The Rise of EU FDI Screening
Italy’s intervention with its “golden power” is a localized manifestation of a sweeping regulatory transformation across the European Union. For the better part of the last decade, high-profile Chinese acquisitions—such as ChemChina’s takeover of Pirelli and the Chinese Midea Group’s acquisition of German robotics firm Kuka—triggered a profound debate over strategic dependencies, technology transfer, and economic sovereignty.
In response, the EU adopted the FDI Screening Regulation in 2019, creating a formal framework for member states to share information and coordinate reviews of foreign investments that could pose a threat to security or public order across multiple member states.
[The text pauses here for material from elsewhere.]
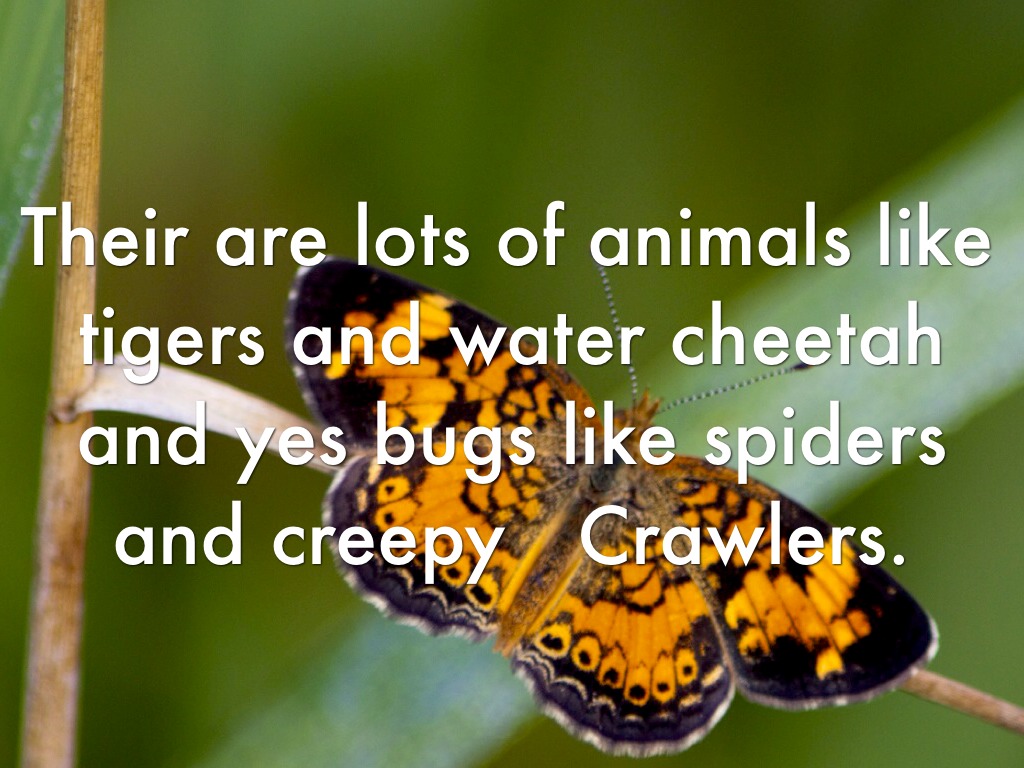 Their are lots of animals like tigers and water cheetah and yes bugs like spiders and creepy Crawlers.

This framework, now part of the EU’s larger economic security and “de-risking” strategy, has encouraged nations like Italy to strengthen their own defensive mechanisms.
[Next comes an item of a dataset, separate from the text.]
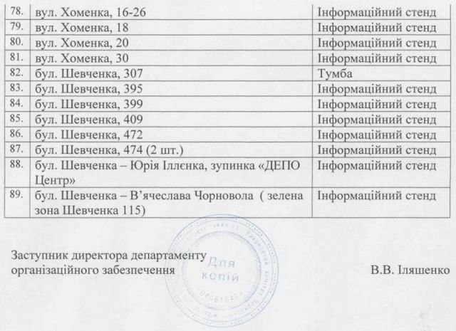 У відповідному рішенні департаменту житлово-комунального комплексу  доручено забезпечити обладнання стендів, дощок оголошень для розміщення матеріалів передвиборної агітації у відведених місцях. А також – забезпечити зняття передвиборних агітаційних матеріалів з 24 години 29 березня 2019 року.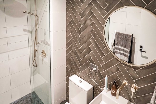 We’ll also do something clever with bathroom shelving. In the apartment, our vanity wasn’t wide enough for all the stuff we needed out and I used to have to leave my hot hair straightener on the floor to cool down, so we found a cool metal shelf that went with the vibe of our bathroom and tucked perfectly between the vanity and the wall. At Wonderview, the problem is different but the same – not enough space or storage in the bathroom. I’m looking forward to doing something clever with shelving to solve that.

While the overall volume of Chinese M&A in Europe has declined significantly from its 2016 peak—partially due to Chinese capital controls—the deals that do proceed are increasingly concentrated in sensitive sectors, including digital, electronics, and health, keeping regulatory scrutiny high.
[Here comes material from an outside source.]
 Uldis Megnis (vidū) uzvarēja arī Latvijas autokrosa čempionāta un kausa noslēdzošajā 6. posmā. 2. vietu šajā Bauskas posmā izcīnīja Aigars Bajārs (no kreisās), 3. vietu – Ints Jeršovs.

Why MediaWorld Triggers the Golden Power
The Ceconomy acquisition, while ostensibly retail, carries significant strategic weight that triggers Italy’s security concerns. The “golden power” is applied because MediaWorld operates critical consumer electronics infrastructure and collects vast amounts of customer data. The conditions Rome imposed, the specific nature of which remains confidential, are almost certainly designed to mitigate risks in areas such as:
- Cybersecurity and Data Protection: Ensuring that critical customer and commercial data remains compliant with EU standards and is not subject to extraterritorial access by a foreign state.
- Supply Chain Resilience: Guaranteeing the security of supply for vital electronic components and consumer goods, a vulnerability exposed during the global pandemic and geopolitical shocks.
- Technological Leakage: Preventing the transfer of sensitive operational know-how and advanced digital supply chain technologies from the German and Italian operations to China.
This regulatory caution is further fueled by geopolitical concerns that China is progressively diverting goods at lower prices to EU markets as a way of compensating for lost U.S. trade following the tariff policies adopted by President Donald Trump. JD.com, which competes globally with rivals like Alibaba and Amazon, is viewed not just as a retailer but as a sophisticated logistical and technological platform, making its entry into the European market a subject of national security, not just competition law.
The Italian cabinet’s decision, therefore, is not an isolated event but a clear signal that the era of unfettered Chinese acquisitions of European technology and strategic assets is over. The approval is conditional, reflecting a new European paradigm where investment is welcome, but control over strategic sectors must be guarded through state-level intervention to ensure “open strategic autonomy.”